_Task to carry out_
From the line containing "After talking to" down to the final line of the entries below, return each line exactly and drop the pictures.
┄┄┄┄┄┄
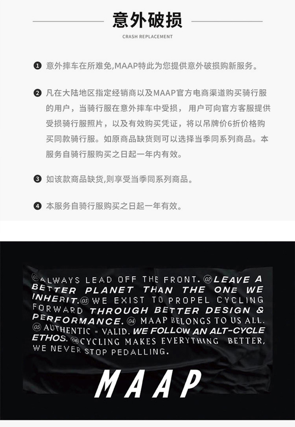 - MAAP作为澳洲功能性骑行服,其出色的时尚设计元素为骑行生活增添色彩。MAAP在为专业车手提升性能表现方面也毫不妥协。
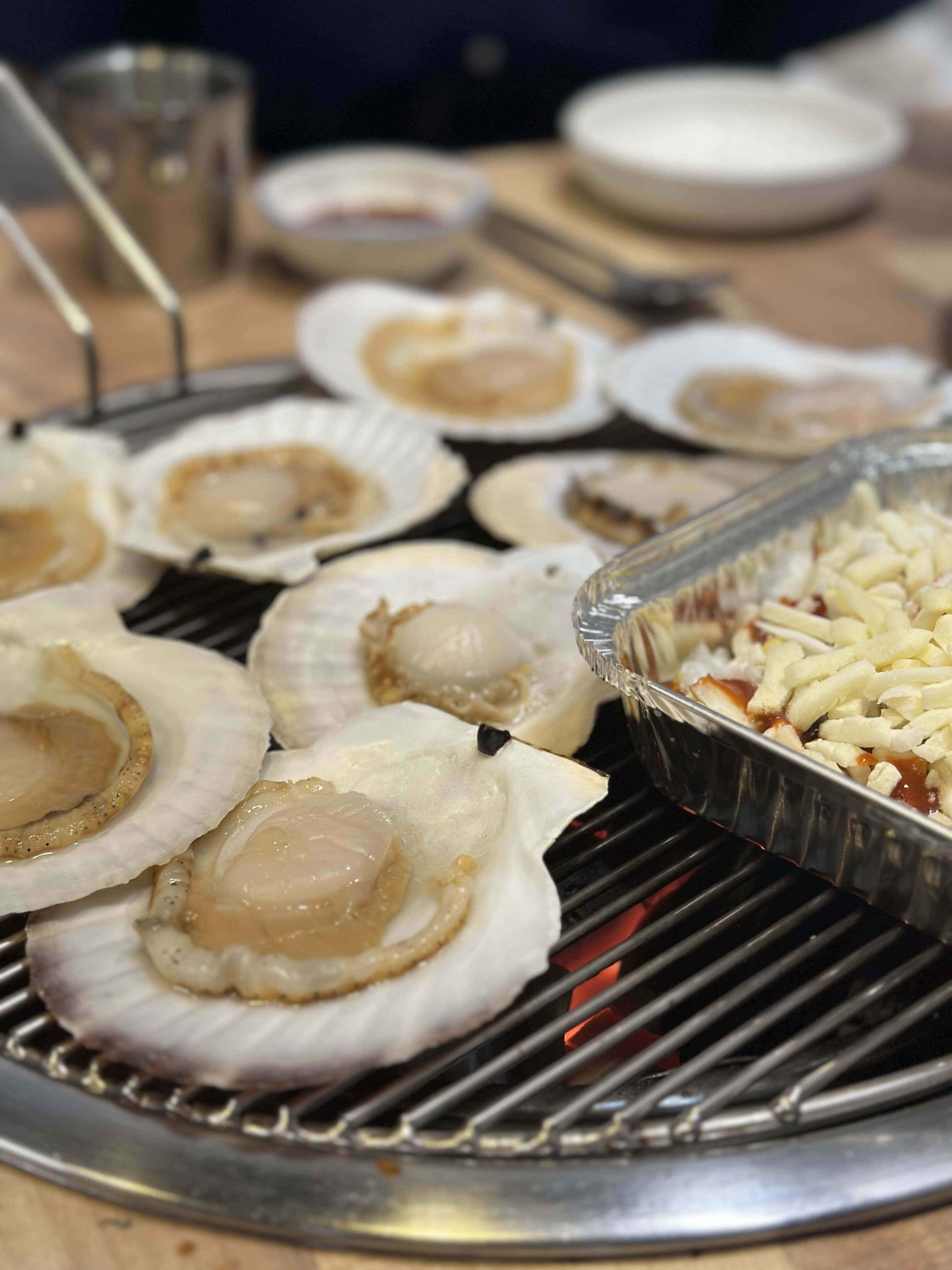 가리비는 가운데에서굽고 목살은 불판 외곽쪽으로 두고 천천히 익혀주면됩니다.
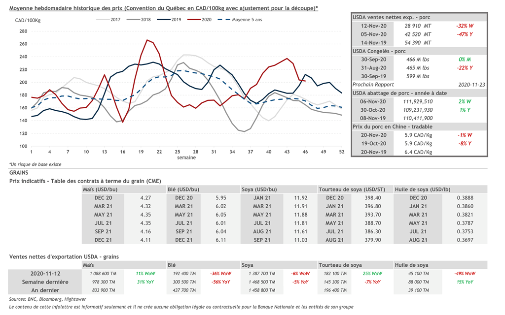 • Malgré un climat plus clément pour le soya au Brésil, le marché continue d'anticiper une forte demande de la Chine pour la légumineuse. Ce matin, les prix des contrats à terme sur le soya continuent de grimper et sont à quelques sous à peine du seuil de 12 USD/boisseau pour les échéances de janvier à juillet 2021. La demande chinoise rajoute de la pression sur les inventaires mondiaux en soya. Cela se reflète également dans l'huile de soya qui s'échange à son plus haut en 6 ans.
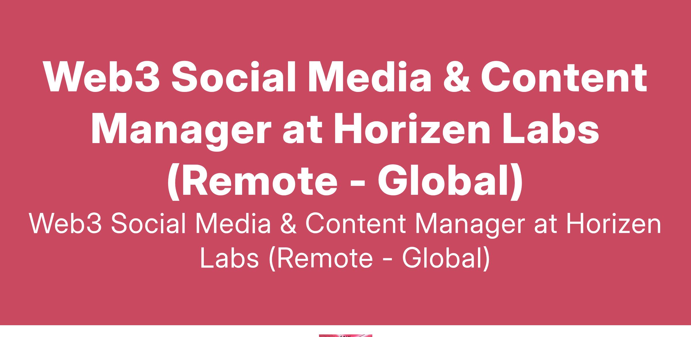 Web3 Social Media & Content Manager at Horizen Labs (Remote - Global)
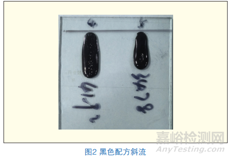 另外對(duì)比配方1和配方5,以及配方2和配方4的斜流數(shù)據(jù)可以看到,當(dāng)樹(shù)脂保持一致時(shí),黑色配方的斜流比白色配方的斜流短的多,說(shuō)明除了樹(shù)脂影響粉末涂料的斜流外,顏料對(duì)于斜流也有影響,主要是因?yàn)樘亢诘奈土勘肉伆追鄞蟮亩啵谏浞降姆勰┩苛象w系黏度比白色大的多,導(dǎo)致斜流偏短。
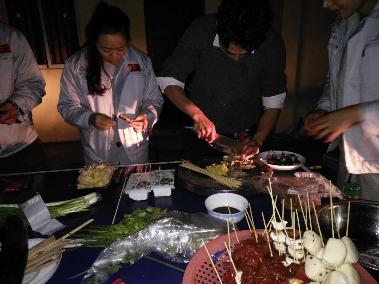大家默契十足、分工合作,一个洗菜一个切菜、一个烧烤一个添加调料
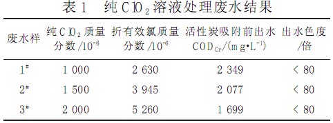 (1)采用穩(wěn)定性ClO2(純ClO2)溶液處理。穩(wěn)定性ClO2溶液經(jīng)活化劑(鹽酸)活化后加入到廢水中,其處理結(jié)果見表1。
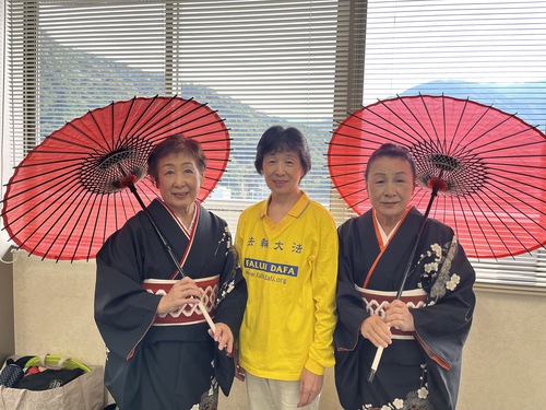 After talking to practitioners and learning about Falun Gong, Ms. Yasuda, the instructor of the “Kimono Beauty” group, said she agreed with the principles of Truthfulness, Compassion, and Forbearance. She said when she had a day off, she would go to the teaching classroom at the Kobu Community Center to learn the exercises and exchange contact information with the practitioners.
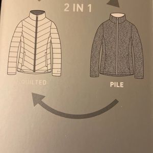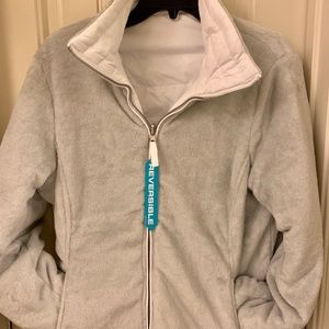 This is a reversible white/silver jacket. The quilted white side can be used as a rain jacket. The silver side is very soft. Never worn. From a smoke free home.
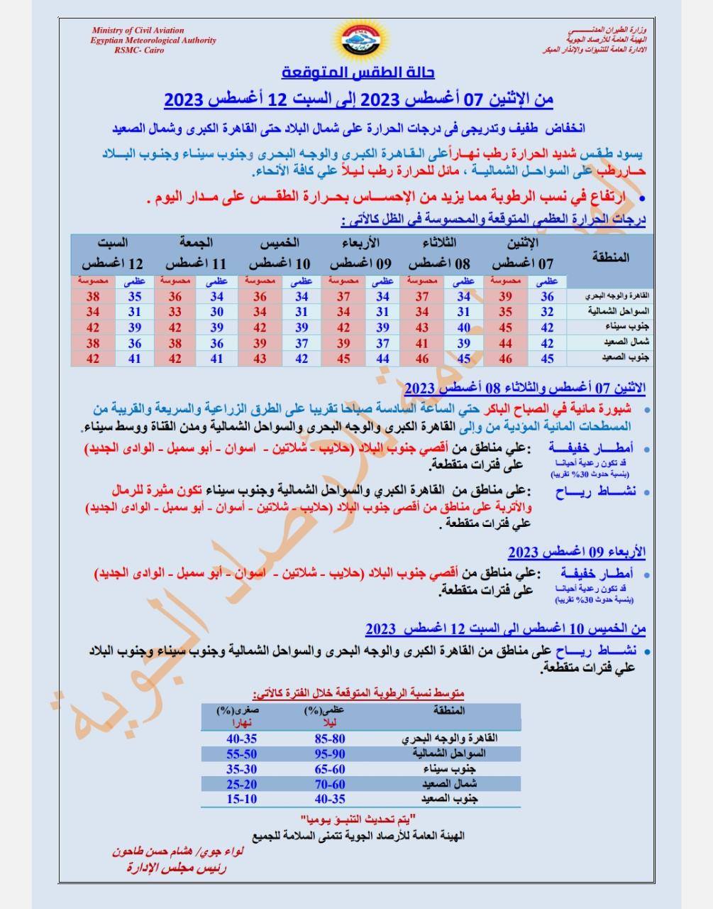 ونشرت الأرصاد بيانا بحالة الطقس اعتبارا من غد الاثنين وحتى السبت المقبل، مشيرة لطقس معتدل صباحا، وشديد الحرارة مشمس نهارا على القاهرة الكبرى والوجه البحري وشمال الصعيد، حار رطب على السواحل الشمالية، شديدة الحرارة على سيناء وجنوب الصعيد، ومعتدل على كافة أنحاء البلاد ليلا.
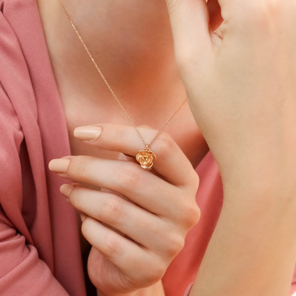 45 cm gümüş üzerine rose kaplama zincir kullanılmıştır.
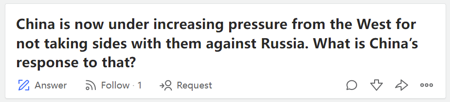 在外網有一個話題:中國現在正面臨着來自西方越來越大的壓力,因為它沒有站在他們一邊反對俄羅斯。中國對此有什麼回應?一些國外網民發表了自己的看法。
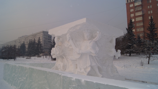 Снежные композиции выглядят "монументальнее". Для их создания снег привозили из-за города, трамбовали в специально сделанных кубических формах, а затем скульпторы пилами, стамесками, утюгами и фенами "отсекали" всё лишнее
┄┄┄┄┄┄
_Response area_
 After talking to practitioners and learning about Falun Gong, Ms. Yasuda, the instructor of the “Kimono Beauty” group, said she agreed with the principles of Truthfulness, Compassion, and Forbearance. She said when she had a day off, she would go to the teaching classroom at the Kobu Community Center to learn the exercises and exchange contact information with the practitioners.
 This is a reversible white/silver jacket. The quilted white side can be used as a rain jacket. The silver side is very soft. Never worn. From a smoke free home.
 ونشرت الأرصاد بيانا بحالة الطقس اعتبارا من غد الاثنين وحتى السبت المقبل، مشيرة لطقس معتدل صباحا، وشديد الحرارة مشمس نهارا على القاهرة الكبرى والوجه البحري وشمال الصعيد، حار رطب على السواحل الشمالية، شديدة الحرارة على سيناء وجنوب الصعيد، ومعتدل على كافة أنحاء البلاد ليلا.
 45 cm gümüş üzerine rose kaplama zincir kullanılmıştır.
 在外網有一個話題:中國現在正面臨着來自西方越來越大的壓力,因為它沒有站在他們一邊反對俄羅斯。中國對此有什麼回應?一些國外網民發表了自己的看法。
 Снежные композиции выглядят "монументальнее". Для их создания снег привозили из-за города, трамбовали в специально сделанных кубических формах, а затем скульпторы пилами, стамесками, утюгами и фенами "отсекали" всё лишнее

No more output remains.